At the conclusion of the proceeding, the judge declined to approve the proposed agreement, finding that the lifelong maintenance provision bore notes of unconscionability. He clarified that he was not objectively opposed to long-term maintenance agreements but, in this instance, it appeared D.J. was not protecting himself and the court felt compelled to intercede. The judge explained the potential risks of obligating oneself to such prolonged payments and expressed concern about D.J.'s current state of mind and well-being. He set a date for a new hearing and directed the parties to reconsider the length of maintenance, as well as any other conditions or contingencies that would protect their respective interests.

The parties reconvened several weeks later, at which time L.S. was present with her attorney, but D.J. was neither personally present nor did he appear through counsel. L.S. informed the court that the parties modified their settlement agreement, and its

3 current terms contemplated that D.J. would pay monthly maintenance in the amount of $3,748 for a term of 10 years. Additionally, pursuant to the child support worksheet L.S. submitted, D.J. would be responsible for $4,077 in monthly child support with May 1, 2018, set as the start date. The court approved the settlement agreement, adopted its terms as part of the final divorce decree, and filed the decree on July 16, 2018. At that point, L.S.'s counsel withdrew, citing resolution of all matters involved in the case.

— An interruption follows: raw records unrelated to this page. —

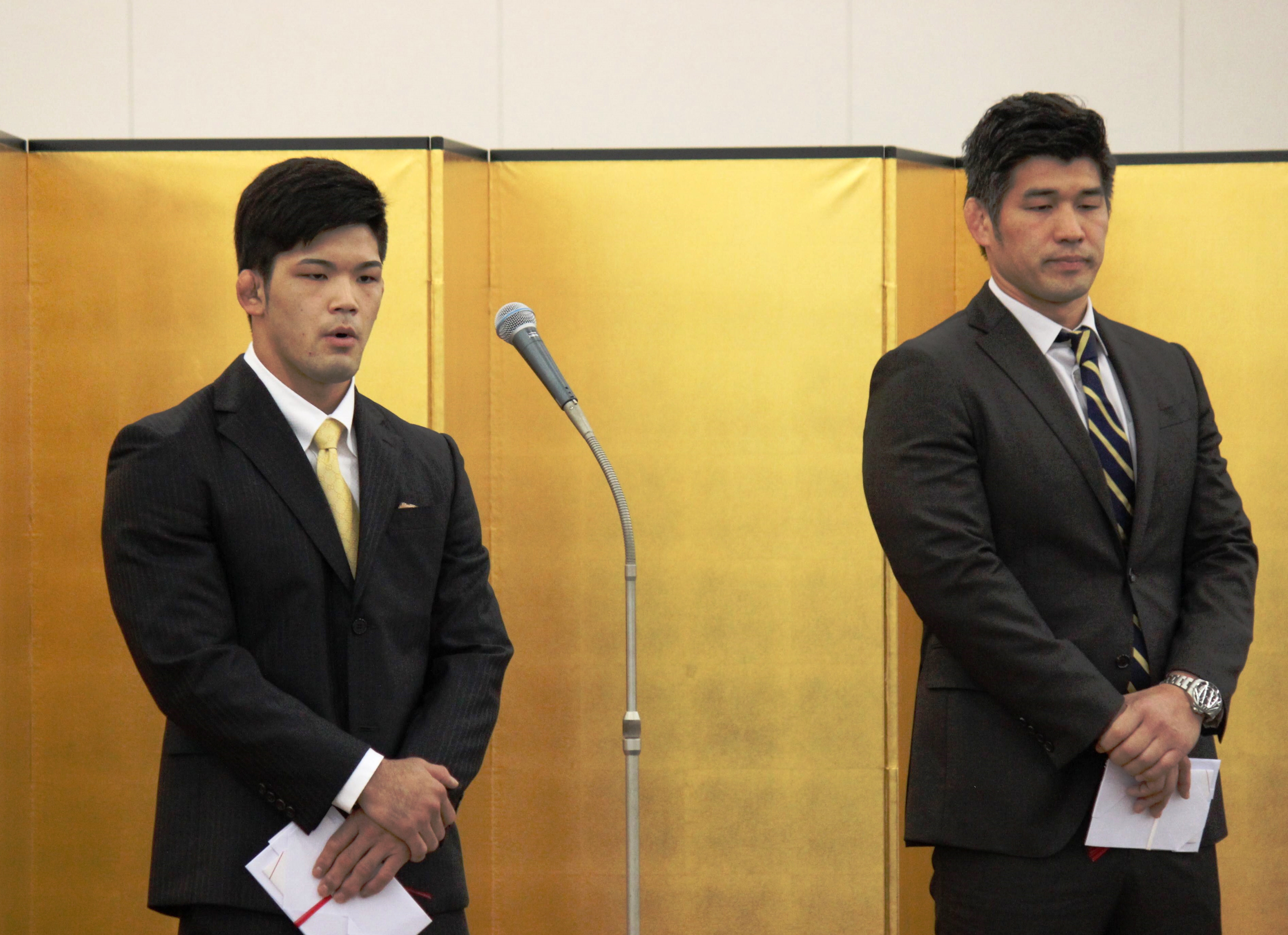 壮行会には、大野選手とともに、全日本柔道男子の井上康生監督も出席。「大野選手は練習の質・量ともに非常にいい状態を作れている。天理柔道の魂を見せてくれると期待している」と激励した。
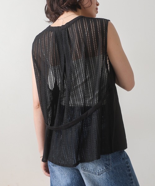 いつものコーデにプラスするだけでオシャレ感がUPするバックレースのジレ。細部までこだわり抜かれたデザインのジレが洗練された印象を与えます。後ろ身頃は透け感のあるレース素材で軽やかに仕上げ、後ろ姿まで抜け目ないデザインになっています。
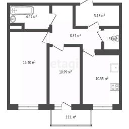 Светлые и просторные спальни 16 м2 и 11 м2, кухня 10,5 м2.
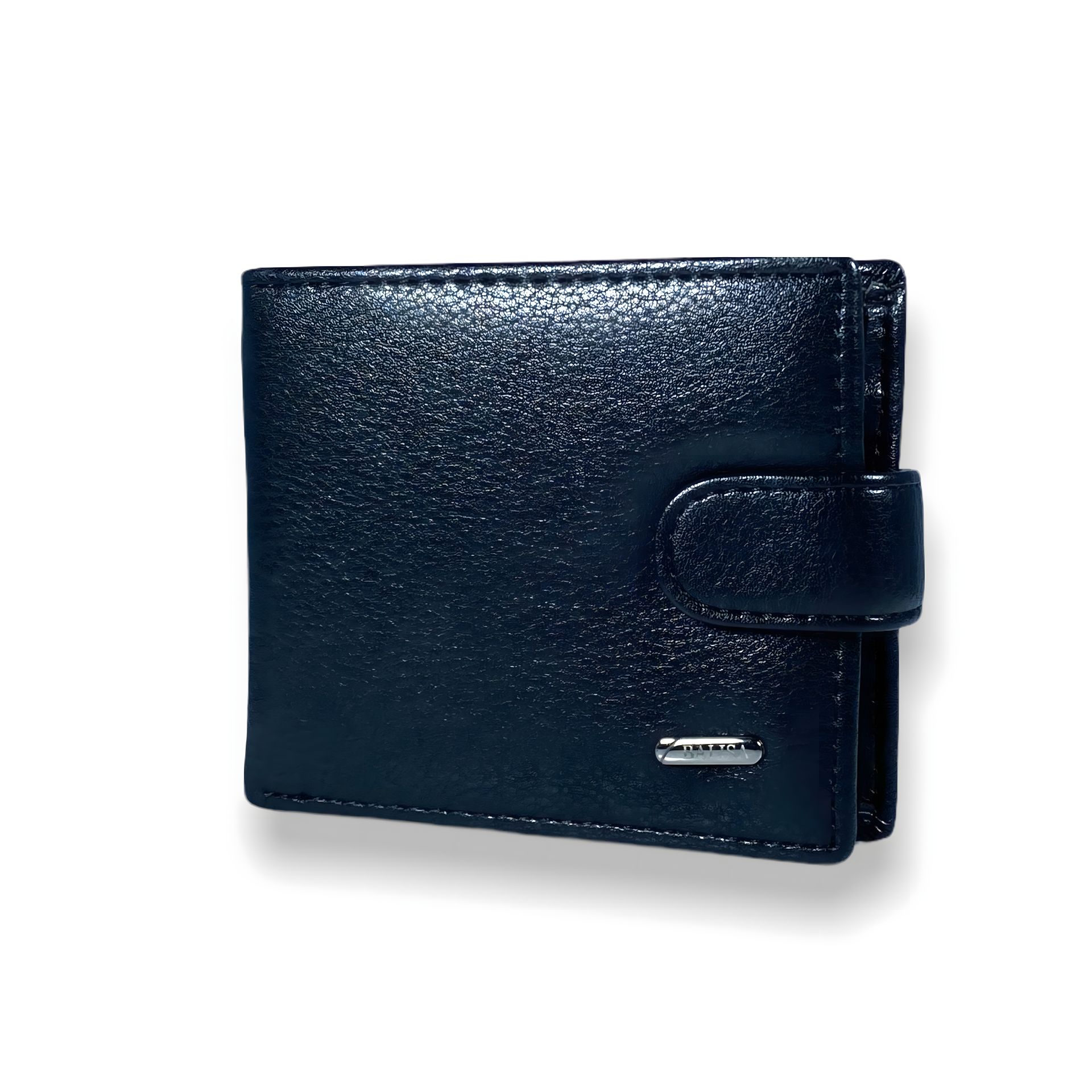 Чоловічий гаманець виготовлений з якісного шкірзамінника і має два відділення для паперових грошей одне на блискавці. Є одне прозоре відділення. Передбачено шість осередків для пластикових карточок. Внутрішнє відділення для монет на кнопці. Гаманецьфіксується кнпкою
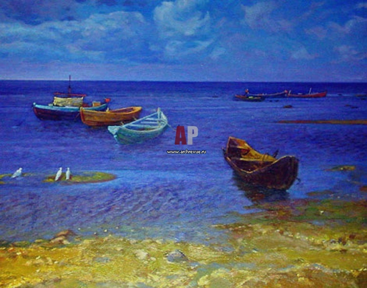 Лодки у моря. Амир Тимиргалеев. 2005. Холст, масло. Современный авангард в живописи
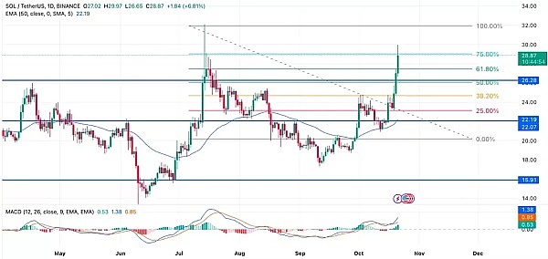SOL代币的价格已经回落至28.5美元,但仍然保持在27美元的关键阻力区域之上。下一个目标区域是32美元,如果价格能够维持在这个水平之上,可能会考验38-40美元的价格区间。如果无法维持在27.5美元的水平,可能会看到反弹趋势结束,最终导致收盘价低于25美元。
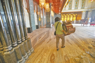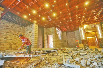 大廳內(nèi),金碧輝煌的樓頂和墻體以及各種燈飾等都還沒(méi)有拆除,大廳東側(cè)的一處1尺高的平臺(tái)正在拆除。在切割、拉扯、裝卸等雜音交響中,東北角一名工人拿著大錘對(duì)著室內(nèi)非承重墻猛砸,已砸出一個(gè)大窟窿。很顯然,這里正進(jìn)行大規(guī)模拆除。
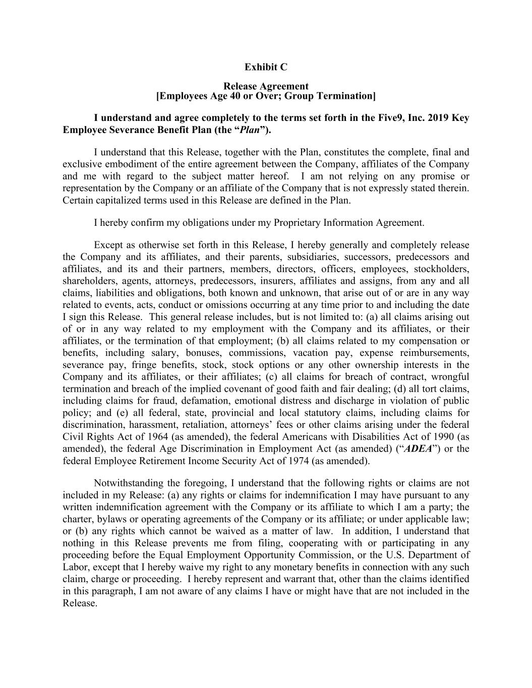 Exhibit C Release Agreement [Employees Age 40 or Over; Group Termination] I understand and agree completely to the terms set forth in the Five9, Inc. 2019 Key Employee Severance Benefit Plan (the “Plan”). I understand that this Release, together with the Plan, constitutes the complete, final and exclusive embodiment of the entire agreement between the Company, affiliates of the Company and me with regard to the subject matter hereof. I am not relying on any promise or representation by the Company or an affiliate of the Company that is not expressly stated therein. Certain capitalized terms used in this Release are defined in the Plan. I hereby confirm my obligations under my Proprietary Information Agreement. Except as otherwise set forth in this Release, I hereby generally and completely release the Company and its affiliates, and their parents, subsidiaries, successors, predecessors and affiliates, and its and their partners, members, directors, officers, employees, stockholders, shareholders, agents, attorneys, predecessors, insurers, affiliates and assigns, from any and all claims, liabilities and obligations, both known and unknown, that arise out of or are in any way related to events, acts, conduct or omissions occurring at any time prior to and including the date I sign this Release. This general release includes, but is not limited to: (a) all claims arising out of or in any way related to my employment with the Company and its affiliates, or their affiliates, or the termination of that employment; (b) all claims related to my compensation or benefits, including salary, bonuses, commissions, vacation pay, expense reimbursements, severance pay, fringe benefits, stock, stock options or any other ownership interests in the Company and its affiliates, or their affiliates; (c) all claims for breach of contract, wrongful termination and breach of the implied covenant of good faith and fair dealing; (d) all tort claims, including claims for fraud, defamation, emotional distress and discharge in violation of public policy; and (e) all federal, state, provincial and local statutory claims, including claims for discrimination, harassment, retaliation, attorneys’ fees or other claims arising under the federal Civil Rights Act of 1964 (as amended), the federal Americans with Disabilities Act of 1990 (as amended), the federal Age Discrimination in Employment Act (as amended) (“ADEA”) or the federal Employee Retirement Income Security Act of 1974 (as amended). Notwithstanding the foregoing, I understand that the following rights or claims are not included in my Release: (a) any rights or claims for indemnification I may have pursuant to any written indemnification agreement with the Company or its affiliate to which I am a party; the charter, bylaws or operating agreements of the Company or its affiliate; or under applicable law; or (b) any rights which cannot be waived as a matter of law. In addition, I understand that nothing in this Release prevents me from filing, cooperating with or participating in any proceeding before the Equal Employment Opportunity Commission, or the U.S. Department of Labor, except that I hereby waive my right to any monetary benefits in connection with any such claim, charge or proceeding. I hereby represent and warrant that, other than the claims identified in this paragraph, I am not aware of any claims I have or might have that are not included in the Release.
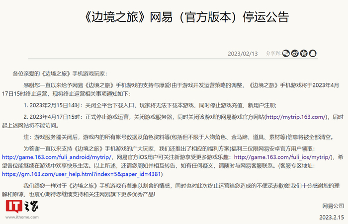 IT之家 2 月 16 日消息,网易《边境之旅》昨日发布停运公告称,由于游戏开发运营策略的调整,《边境之旅》手机游戏将于 2023 年 4 月 17 日 15 时终止运营。
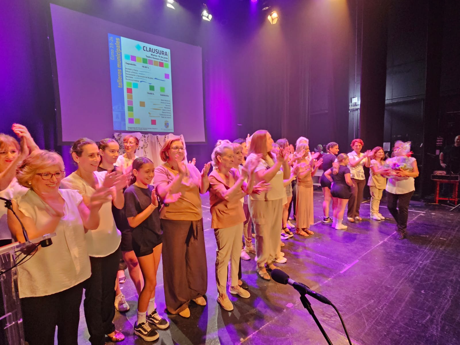 El Teatro Romero San Juan acogió el cierre de la temporada de los talleres de la temporada 23-24. Sobre el escenario el grupo de baile bajo la dirección de Elisa Castellano en los talleres de baile y salud, baile moderno y baile urbano, las poesías de Tere, Paqui, Pilar, Justa y Rosa, el taller de Teatro con Rafael Jiménez Foncubierta con una fragmento de Sanjuaneando con Maria del Carmen y Rosario y las poesías de los jóvenes Jorge García y Martina Casado y los vídeos resumen de instantáneas de todo el año de los talleres de restauración, pintura, Biblioteca, Igualdad, Salud y Mayores.

Roughly five months later, D.J. retained counsel who requested records and transcripts of the case. Not long after, in February 2019, his attorney filed a motion for relief from judgment under K.S.A. 60-260(b) and argued that the divorce decree should be set aside due to material misrepresentations L.S. made about the parties' income and employment to buttress her requested amounts for final maintenance and child support. In support of his contentions, D.J.'s counsel asserted that L.S. did not leave her job as she claimed and, despite the fact she only alleged a monthly income of $1,257 in her child support worksheet, she actually earned far more, with a year-end total of $115,461 for 2018. Counsel for D.J. further noted that L.S. also misrepresented D.J.'s income on that worksheet in asserting that he made an estimated $20,000 per month in 2018 when, in reality, D.J.'s 2018 tax returns reflected that he made only $40,750 for the entire year. Thus, D.J.'s counsel took the position that L.S. intentionally misled the district court in pursuit of the nearly $8,000 she requested in combined monthly maintenance and child support.

L.S. filed a response and denied D.J.'s fraud allegations. She admitted that she did not leave her job but claimed that her plan to resign fell through when D.J. became suicidal after the final hearing. L.S.